The research reveals that 68 percent of companies disclosing their material ESG issues use two or more different frameworks, with TCFD being the most widely adopted (87 percent) in the region.
Beyond TCFD, the research finds 50 percent of companies surveyed refer to GRI standards and 37 percent turn to the SASB framework.
More generally, the survey – based on responses from 60 IR and ESG professionals from Australia Securities Exchange and New Zealand Stock Exchange companies – also shows that 97 percent of respondents say companies should focus on tackling ESG issues.
Climate change is recognized as the most pressing challenge among ESG issues, with 52 percent of investors highlighting short and medium-term emissions reduction targets as the most important climate-related disclosure in the upcoming financial year.

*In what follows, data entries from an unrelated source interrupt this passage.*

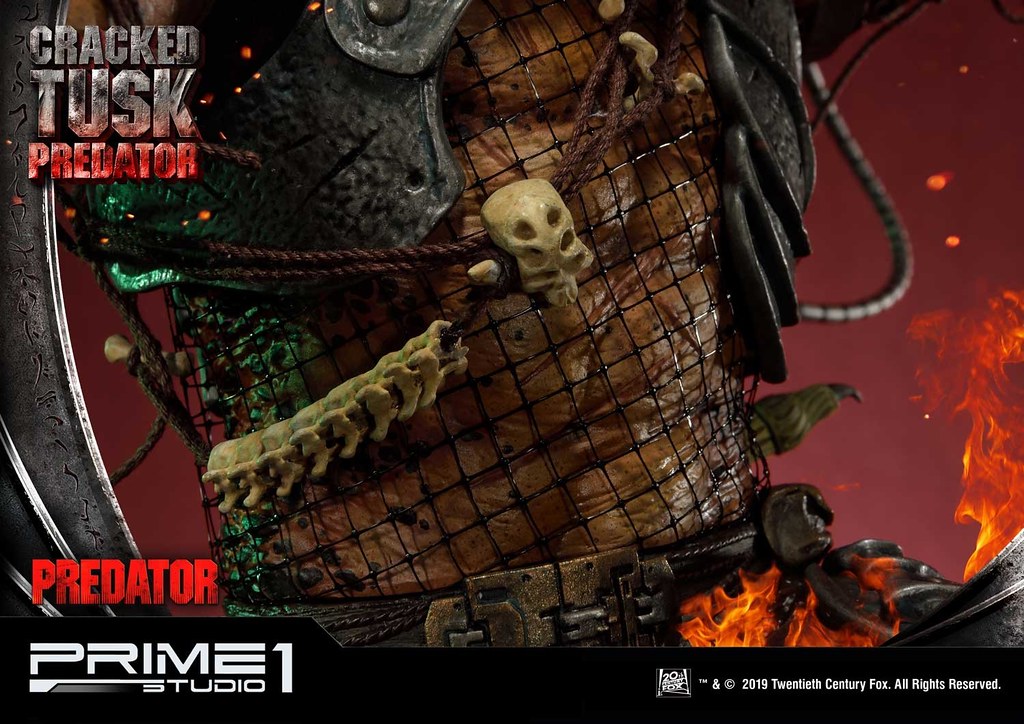 破碎獠牙終極戰士,最初是Kenner 公司所推出的一款終極戰士玩具,後來NECA 也有重新設計成7 吋可動人偶,而這次Prime 1 Studio 則是根據他在漫畫Predator: Life and Death 中的樣貌打造,「破碎獠牙終極戰士 1/4 比例全身雕像」高度來到101.4 公分,展現出極具威懾力的戰鬥姿態,最大的特色就在於面罩有著彎曲的利牙造型,而沒戴面罩的裸顏狀態時,則能看到左邊的獠牙是呈現斷裂狀態。
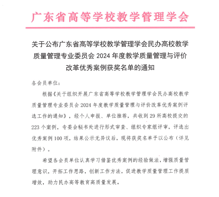 近日,廣東省高等學(xué)校教學(xué)管理學(xué)會(huì)民辦高校教學(xué)質(zhì)量管理專業(yè)委員會(huì)公布了2024 年度教學(xué)質(zhì)量管理與評價(jià)改革優(yōu)秀案例獲獎(jiǎng)名單,我校陳漢成團(tuán)隊(duì)的案例獲二等獎(jiǎng),廖良初團(tuán)隊(duì)和甘英浩團(tuán)隊(duì)的案例獲優(yōu)秀獎(jiǎng),體現(xiàn)了我校在教學(xué)質(zhì)量管理與評價(jià)改革中的成效。
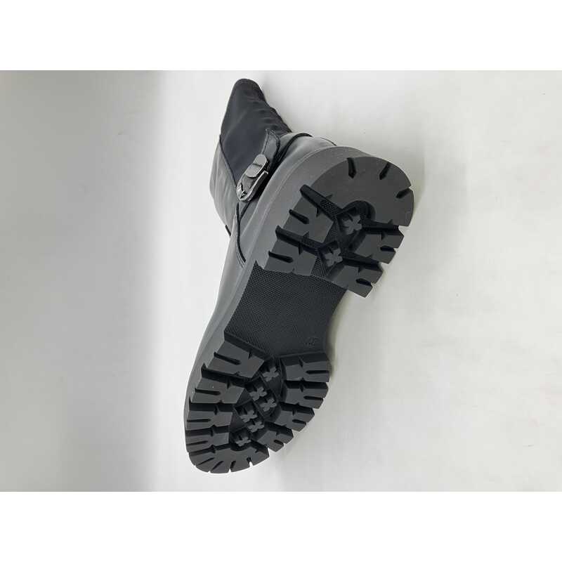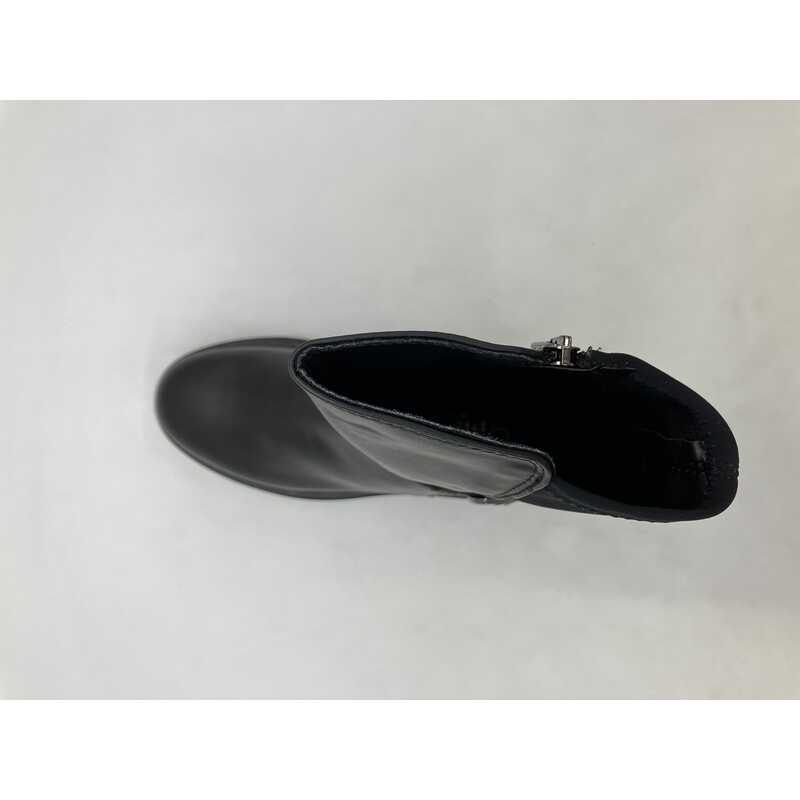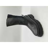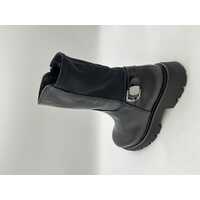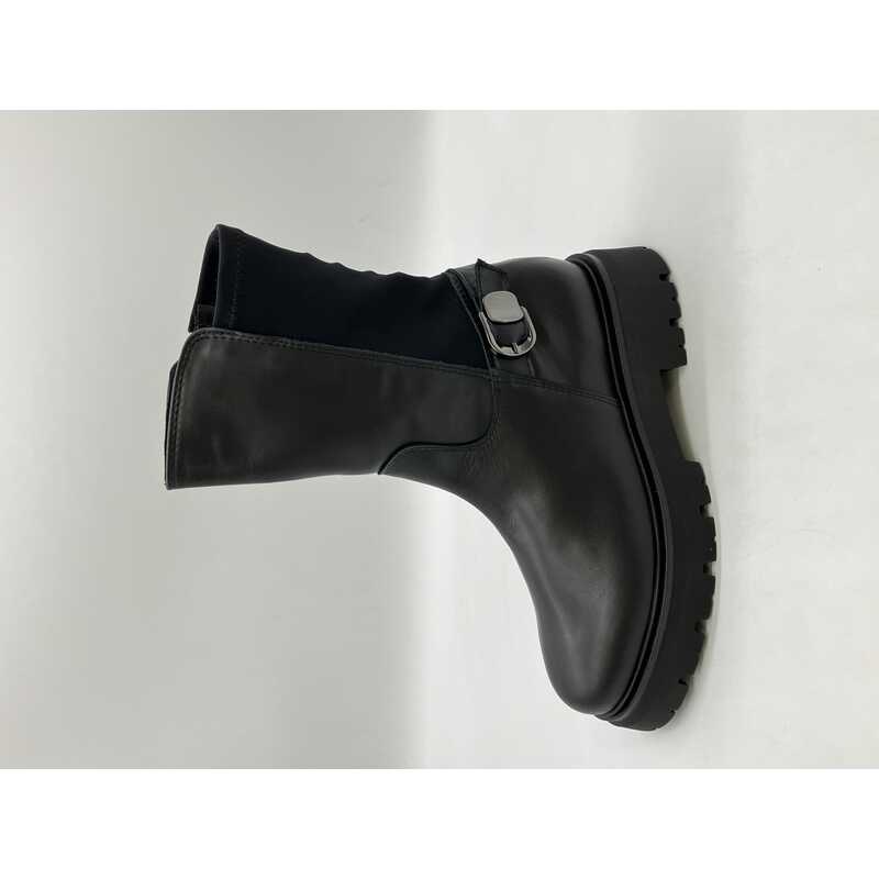 ふくらはぎ部分にストレッチ素材を使い、フィット感が特徴のショートブーツです。サイドに配置したかざりベルトがスタイリッシュな印象を与えます。内側ファスナーで着脱も容易です。
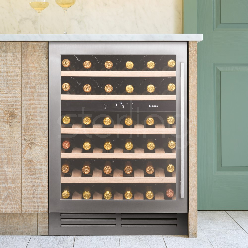 Shelves can accommodate 750ml Bordeaux, Burgundy and Champagne bottles.
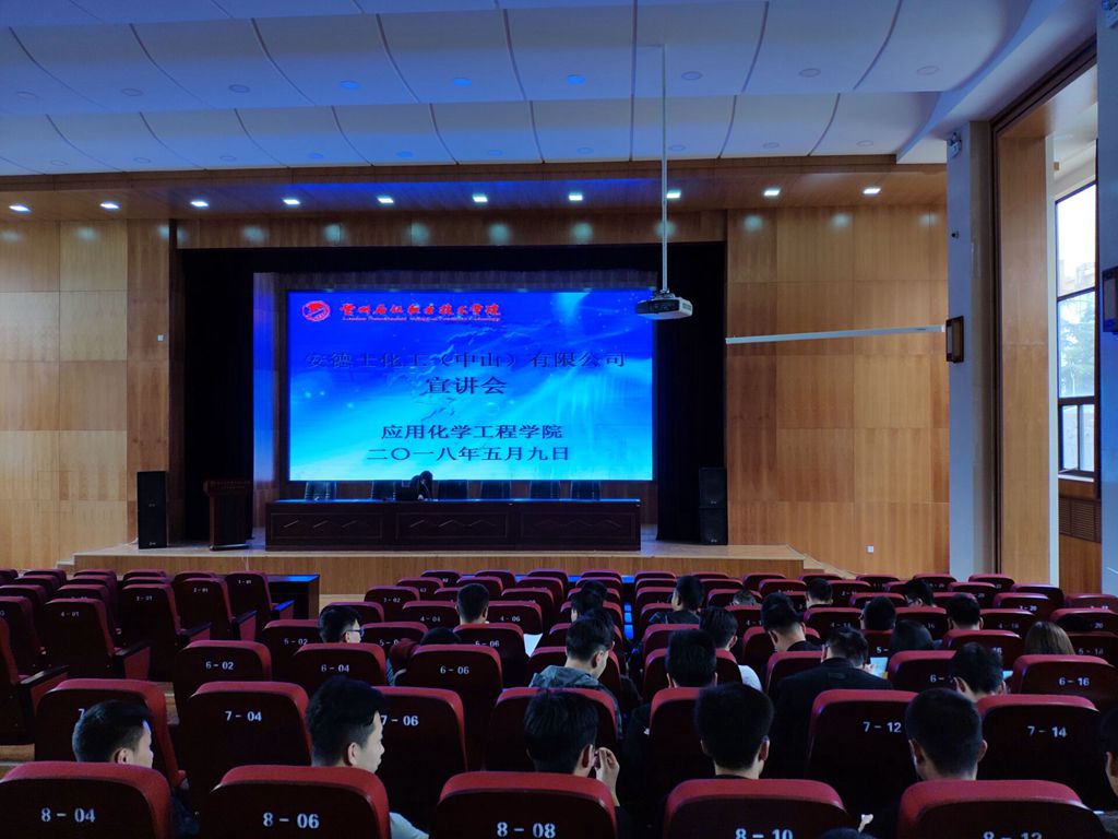 5月9日,北京中燕建设工程有限公司人力资源部李玉洁女士一行二人、安德士化工(中山)有限公司人力资源部经理冯爱国先生一行二人、阿克苏诺贝尔宁波生产基地人力资源部余瑶琼女士一行六人前来77779193永利官网集团遴选2019届毕业生,应化学院领导、老师及应化学院、石化学院、机械学院、电子学院、信息控学院相关专业的学生在西区报告厅参加了企业宣讲会。
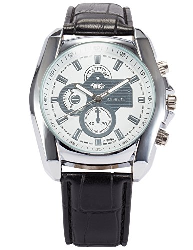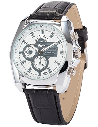 AMPM24 맨즈 PHN062 쿼츠 아날로그 블랙 레더 밴드 손목시계
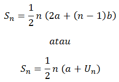Rumus untuk menentukan jumlah suku ke-n pada deret aritmetika, yaitu:
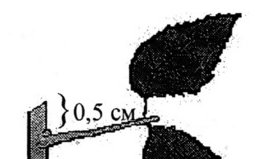 Теперь можно рассказать и о самом черенковании. Сначала нужно обратить внимание на почки в пазухах листьев: они должны быть нормально сформированы, хорошо видны в пазухе листа, с округлой макушечкой. С высокими, конусовидными почками желательно черенки не делать. Для работы нужен острый как бритва нож, секатор для такой работы не годится. Нарезаю черенки, состоящие обычно из двух почек. Под нижней почкой делается косой срез, длинная сторона среза не менее 1 см со стороны почки. Над верхней почкой оставляю пенёк не более 0,5 см, можно прямой или слегка косой, в этом случае длинная сторона среза должна быть над почкой. С нижней почки лист убирается полностью, верхний лист укорачиваю, оставляя только две листовые пластинки. Черенок готов. Перед нарезанием черенков нужно приготовить раствор корневина по инструкции, развести не водой, а очень слабым раствором гумата. Нарезанные черенки ставятся в эту смесь на сутки.
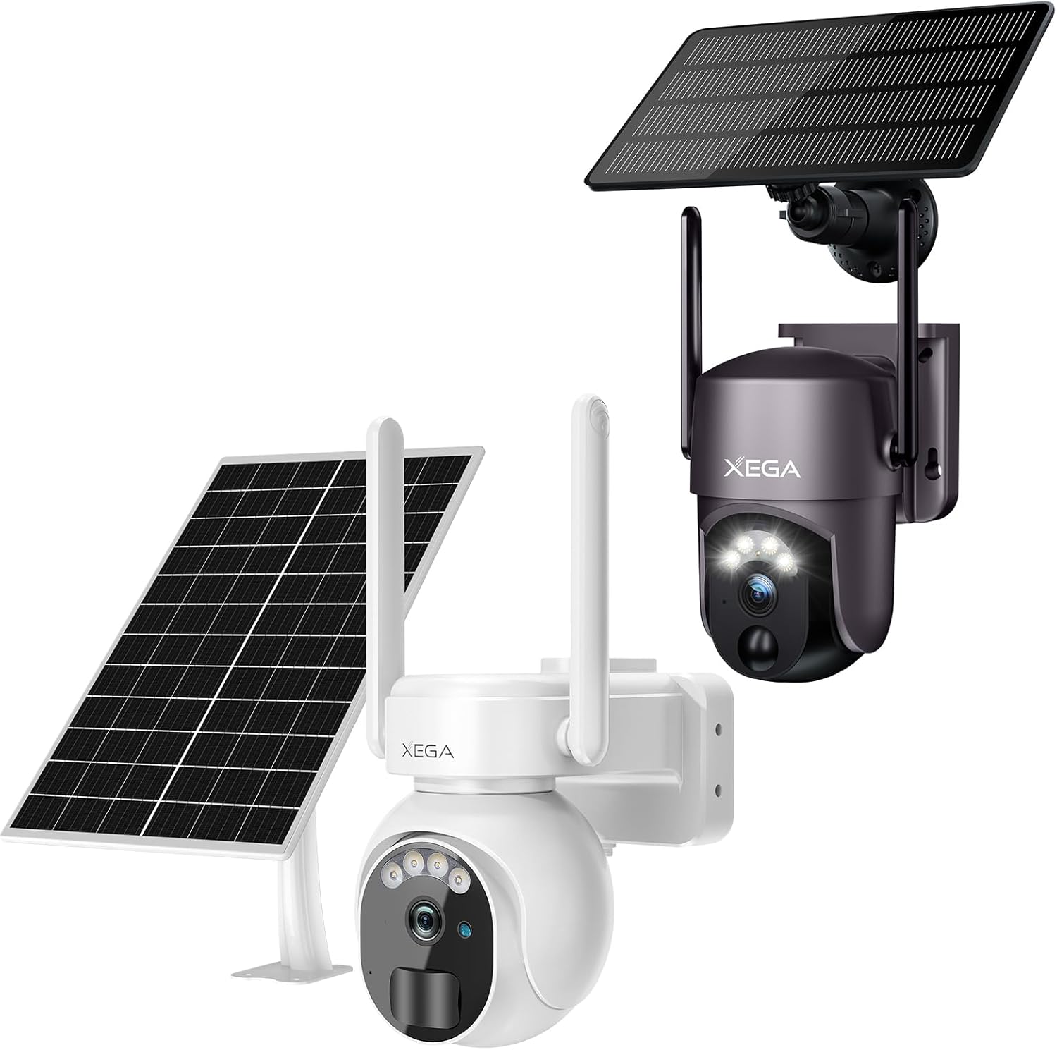 Image: The Xega 4G Camera (dark grey) and Wi-Fi Camera (white), each with its dedicated solar panel, illustrating the complete product package.
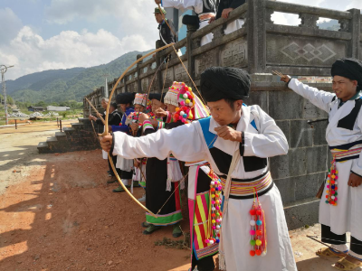 弩弓射击在傈僳族的采集和狩猎在其经济生活中占有重要地位,“刀耕火种”、“射猎为生”,农猎并举。因此而练就弩弓之技,以善用弩弓和射技精而闻名。清乾隆《姚州志》载其“技善弩,经年以射猎为事”。傈僳族弩弓历史悠久,明天启《滇志》卷三十说:傈僳族“善用弩,发无虚失,每令其妇负小木盾经之,四寸者前行,自后发失其盾.而妇无伤,”弩弓制作精良,弩扁担(弓背)用岩桑制成,用栗木或柘木做弩身。大弩的弓背长 110 厘米,射程 150 米左右.小弩弓背 70 至 90 厘米,射程 50 至 100 米左右,弩箭用雪山实心竹制成,配尾羽,分有毒无毒两种。毒汁用野生药熬成,素有见血封喉之称。清代《维西见闻录》载:“药矢弩所用也,矢及鏃皆削竹而成,扎篾为翎,鏃沾水裹药,药采乌头,曝而研末者,猎中禽兽入皮肤,飞者昏而坠,走者麻木而僵.”
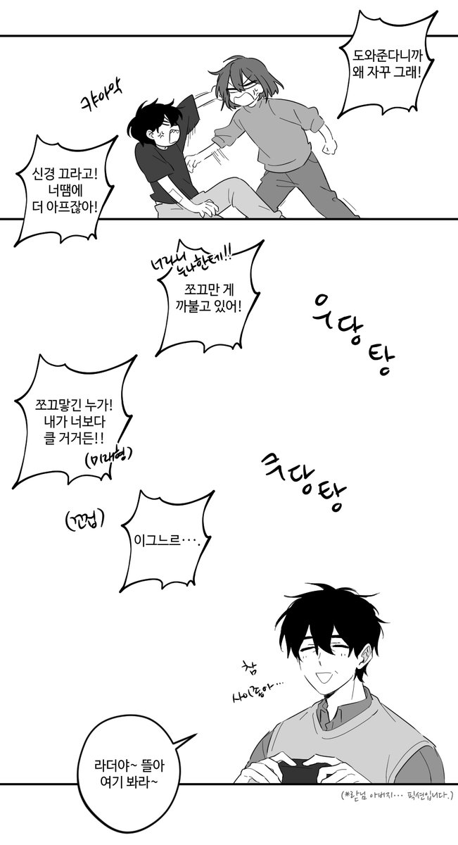 583 2535 미수반🐳🦈 어렸을 때 별거 아닌 걸로 싸우는 거 보고 싶어서 그린 자급자족 만화 (앞뒤 내용 없음 주의) 21/11/16 21:44
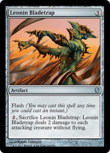 {2}, Sacrifice Leonin Bladetrap: Leonin Bladetrap deals 2 damage to each attacking creature without flying.
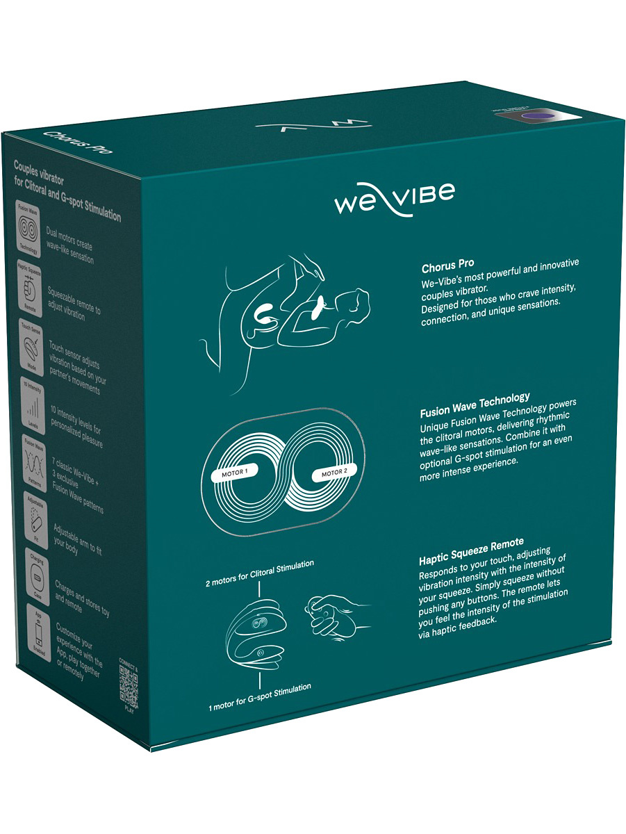 Chorus Pro tar parvibratorer til neste nivå med banebrytende teknologi, forbedret ergonomi, lengre batteritid og kraftigere dobbeltstimulering enn noen tidligere modell. Den er utviklet for par som ønsker presis og tilpasset nytelse – både ved fysisk nærhet og via appstyring på avstand.
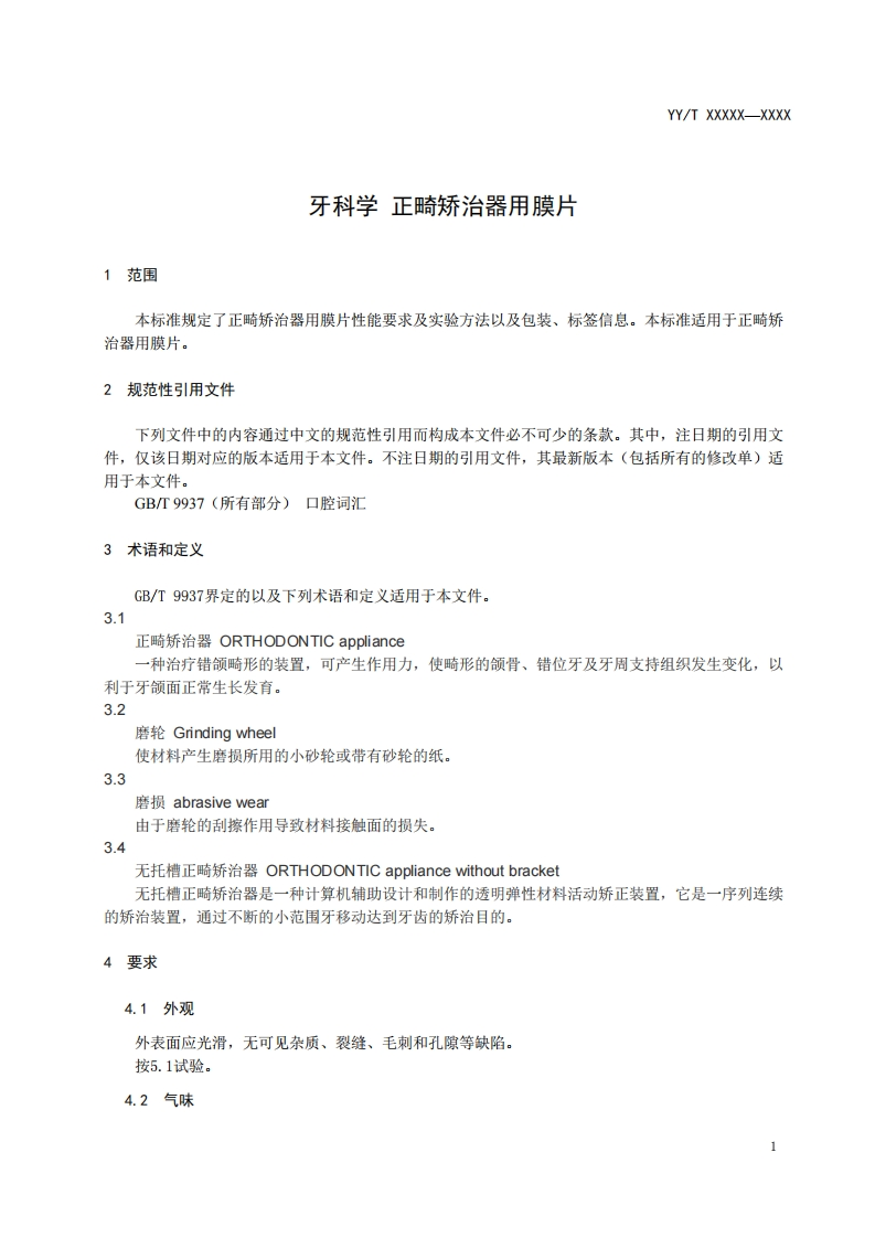 牙科学正畸矫治器用膜片(征求意见稿)请将你们发现的有关专利的内容和支持性文件随意见一并返回348072@abc昨天发布关注私信0.53MB13页047牙科学正畸矫治器用膜片(征求意见稿)请将你们发现的有关专利的内容和支持性文件随意见一并返回此内容为付费资源,请付费后查看¥19¥23黄金会员免费钻石会员免费立即购买您当前未登录!建议登陆后购买,可保存购买订单付费资源 第1页 / 共13页 第2页 / 共13页 第3页 / 共13页 第4页 / 共13页 第5页 / 共13页 试读已结束,还剩8页,您可下载完整版后进行离线阅读 THE END标准规范 文本预览 1CS11.060.10C33中华人民共和国医药行业标准YY/T XXXXX-XXXX牙科学正畸矫治器用膜片(征求意见稿)请将你们发现的有关专利的内容和支持性文件随意见一并返回XXXX-XX-XX发布XXXX-XX-XX实施国家药品监督管理局发布 查看更多 收起部分 喜欢就支持一下吧收藏

Casting an eye over the future, 78 percent of respondents say carbon emissions reduction is a key ESG priority for their company in the next five years.
Ian Matheson, AIRA’s CEO, says companies’ corporate strategies should outline clear countermeasures to ESG issues, as it is what today’s investors ‘expect’.
‘With the rapid evolution of ESG expectations, there is also a need and an opportunity to educate investors on the practical sector-specific challenges companies are facing,’ he says.
Rory Macpherson, partner at Brunswick Group, points out that companies that set a clear ESG strategy are likely to gain a stronger position in the market.
‘Companies that put in place strong governance, transparent disclosure and consistent engagement programs will minimize risks of a negative event, as well as differentiate themselves from peers and create a stronger investment proposition,’ he says.
But the survey notes that almost three in 10 (29 percent) of Australasian companies are yet to publicly commit to achieve net-zero by 2050.
Furthermore, the report shows less than half of companies surveyed (45 percent) are only somewhat familiar with ESG policies and challenges facing firms, with 12 percent reporting a total lack of knowledge.